Dive Brief:
- Despite serving more large customers, digital payments company Stripe experienced slower growth last year, according to an annual letter its co-founders released Wednesday. The company processed about $817 billion in payments for its customers in 2022. That was a 26% increase over 2021’s $640 billion in payments, but paled in comparison to the 60% increase Stripe experienced from 2020 to 2021.
- “This is a significant deceleration from the breakneck growth that we saw during 2020 and 2021,” Stripe co-founders and brothers Patrick and John Collison wrote in the letter the company issued Wednesday.
- E-commerce only grew 7% last year, the Collisons wrote, reflecting the shift back to brick-and-mortar stores as the COVID-19 pandemic ebbed.
Dive Insight:
In last year’s letter, the Irish brothers warned that they expected a slowdown in growth in the wake of the pandemic’s e-commerce surge. Then, in November, the company cut 14% of its staff, or about 1,140 employees, conceding that it grew too fast.
Despite the payments deceleration, the Collisons wrote this year that they “are as confident as ever in the internet economy’s long-term prospects.” Patrick Collison leads the company as CEO, while John Collison is the president of Stripe, which now has about 7,000 employees. The company, which provides online payments software services and tools to companies small and large, has said it expects to process $1 trillion in payments this year and become profitable, Bloomberg has reported.
Stripe, which has dual headquarters in San Francisco and Dublin, has about 100 business customers that take in about $1 billion in payments annually, including Instacart, DoorDash and Substack, the co-founders wrote. That group of business clients has grown by about 50% every year since 2018, the Collisons said.
The U.S. remains Stripe’s largest market, but more than half (55%) of the company’s new business customers last year were based outside the U.S. The number of new businesses turning to Stripe for payment services rose 19% in 2022, the Collisons said.
The Collisons suggested there’s still plenty of work to be done when it comes to improving online transactions, which they referred to as “still shockingly deficient,” including friction-filled checkout pages or failed payments.
As Stripe has zeroed in on improving conversion rates, the company last year made tweaks to its checkout offering that speed up the process and streamline acts such as entering addresses. To bolster authorization rates, Stripe has refined tools that use machine learning to retry payments and update card accounts when a consumer has been issued a new credit or debit card, the Collisons wrote.

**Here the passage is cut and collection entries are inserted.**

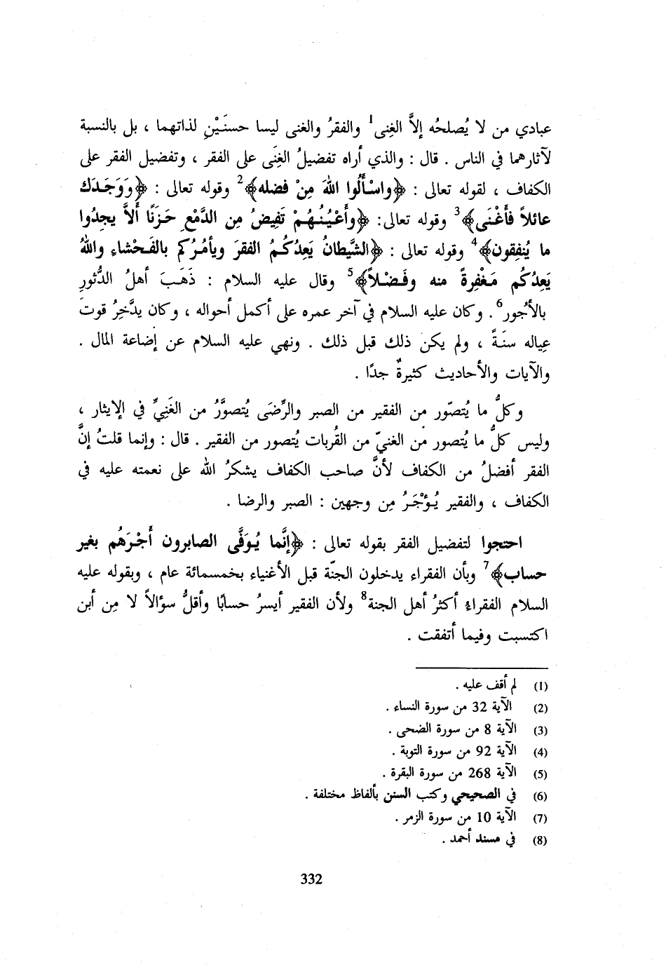 عِبَادِي مَنْ لَا يُصْلِحُهُ إِلَّا الْغِنَى) وَالْفَقْرُ وَالْغِنَى لَيْسَا حَسَنَيْنِ لِذَاتِهِمَا بَلْ بِالنِّسْبَةِ لِآثَارِهِمَا فِي النَّاسِ قَالَ وَالَّذِي أَرَاهُ تَفْضِيلَ الْغِنَى عَلَى الْفَقْرِ وَتَفْضِيلَ الْفَقْرِ عَلَى الْكَفَافِ لِقَوْلِهِ تَعَالَى {واسألوا الله من فَضله} وَقَوله تَعَالَى {ووجدك عائلا فأغنى} وقَوْله تَعَالَى {وَأَعْيُنُهُمْ تَفِيضُ مِنَ الدَّمْعِ حَزَنًا أَلا يَجدوا مَا يُنْفقُونَ} وقَوْله تَعَالَى {الشَّيْطَانُ يَعِدُكُمُ الْفَقْرَ وَيَأْمُرُكُمْ بِالْفَحْشَاءِ وَالله يَعدكُم مغْفرَة مِنْهُ وفضلا} وَقَالَ - صَلَّى اللَّهُ عَلَيْهِ وَسَلَّم َ -: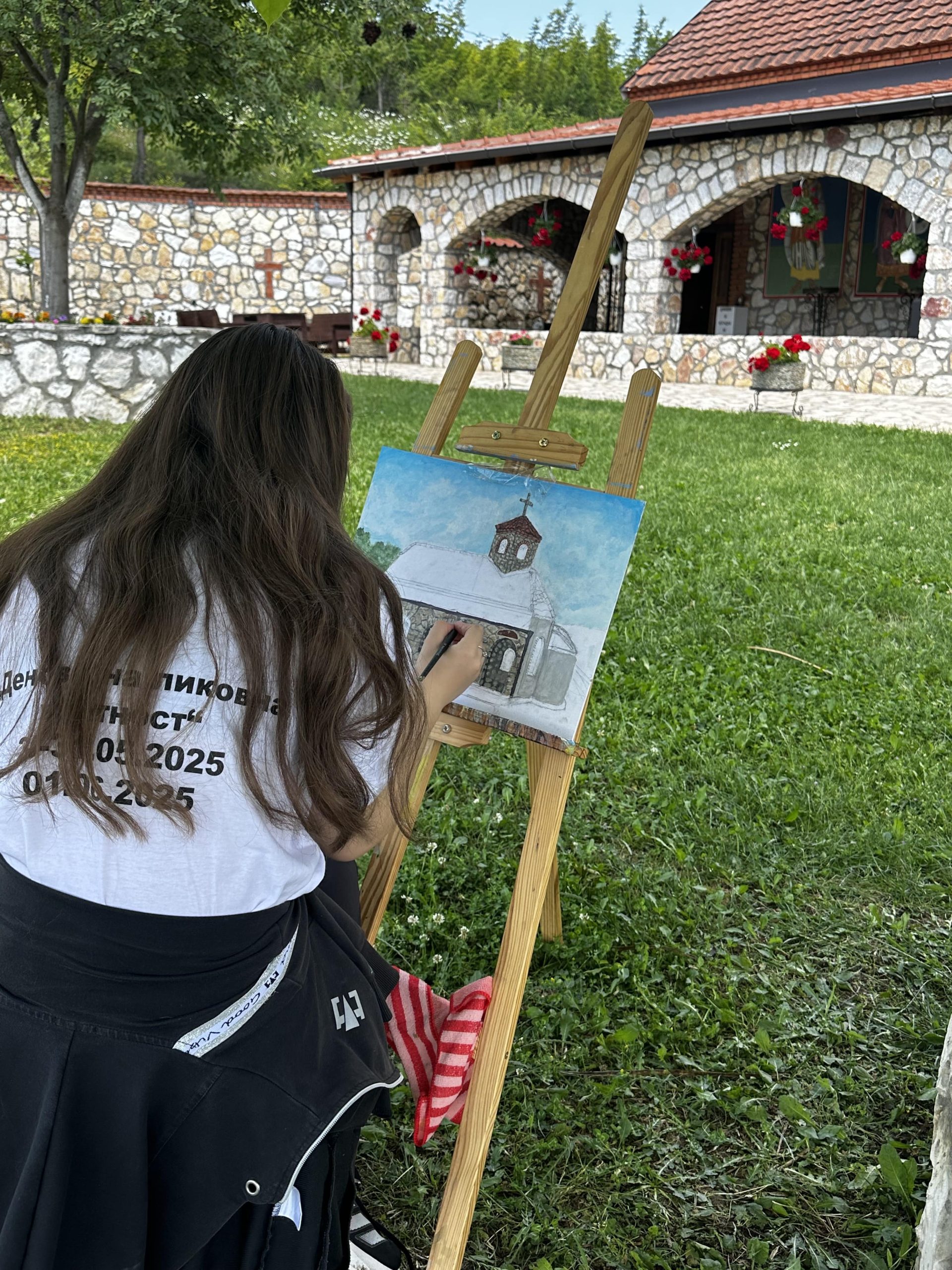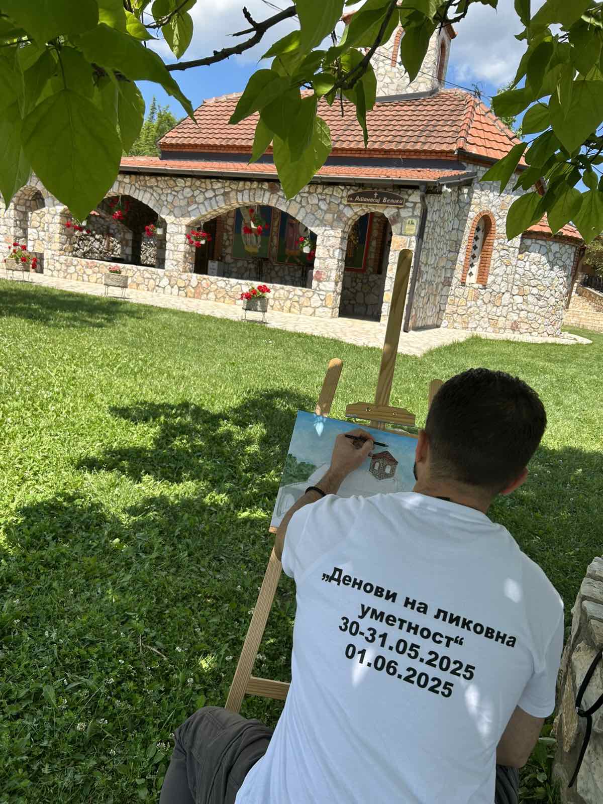 ДЕНОВИ НА ЛИКОВНА УМЕТНОСТ 2025 година се одржа во дворот на Манастир Св.Атанасиј с.Глуво. Големиот број посетители, со пофалби и воодушевување ја следеа работата на учесниците, воедно, младите посетители имаа катче кадешто и самите имаа можност да цртаат.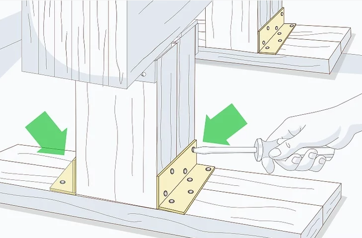 在每条腿下方安装一块 61 厘米的板(38 x 89 毫米),并在每侧拧入 4 个木螺钉。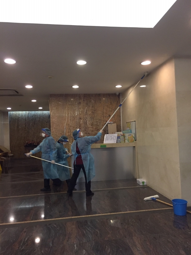 Atendendo às mais recentes actualizações sobre a infecção por novo tipo de coronavírus e em sintonia com os respectivos trabalhos de prevenção e controlo, o Instituto para os Assuntos Municipais (IAM), coordenou de imediato com a CSR-Companhia de Sistemas de Resíduos, Limitada e a companhia adjudicatária de limpeza, para que hoje (18 de Março) fosse destacado mais pessoal, procedendo-se a uma operação de limpeza e desinfecção de grande escala nas ruas circundantes da residência do 14.º caso confirmado de infecção de Macau, incluindo o hall de entrada do edifício, elevadores, corredor do andar em causa, escadas e outros espaços públicos, a fim de diminuir, tanto quanto possível, as condições de propagação de doenças infecciosas.

More broadly, as the industry experiences an increasing number of sophisticated cyberattacks, Stripe continues to invest in security, they wrote. “As attacker sophistication grows, the fixed costs of defense continue to grow,” the letter reads. “Though we deliberately avoid describing the mechanics in any detail, we’re committed to being a leader in this space.”
With the rise of artificial intelligence tools, the Collisons also noted that a “sizable majority” of AI startups use Stripe’s services, including ChatGPT maker OpenAI. The brothers predicted tasks such as bookkeeping will see more automation due to AI and machine learning advances.
In Wednesday’s letter, the Collisons acknowledged that the market for startups is “getting harder” and noted the venture capital decline. In 2021, Stripe was valued at $95 billion, making it the most valuable Silicon Valley startup at that point. Since then, however, the fintech market has seen funding evaporate and valuations drop, leading Stripe to slash its internal valuation in recent months.
In March, Stripe said it raised $6.5 billion at a $50 billion valuation. The company said the fundraising wasn’t needed to run the business but rather to help employees meet tax obligations tied to equity awards.
While Stripe is likely to maintain its stronghold on handling payments for small and medium-sized businesses, high-growth startups and marketplaces, the company could see fintech infrastructure competitors chip away at its presence in areas such as issuing or treasury management, said Index Ventures Partner Mark Fiorentino, who formerly worked at Stripe, in a recent interview.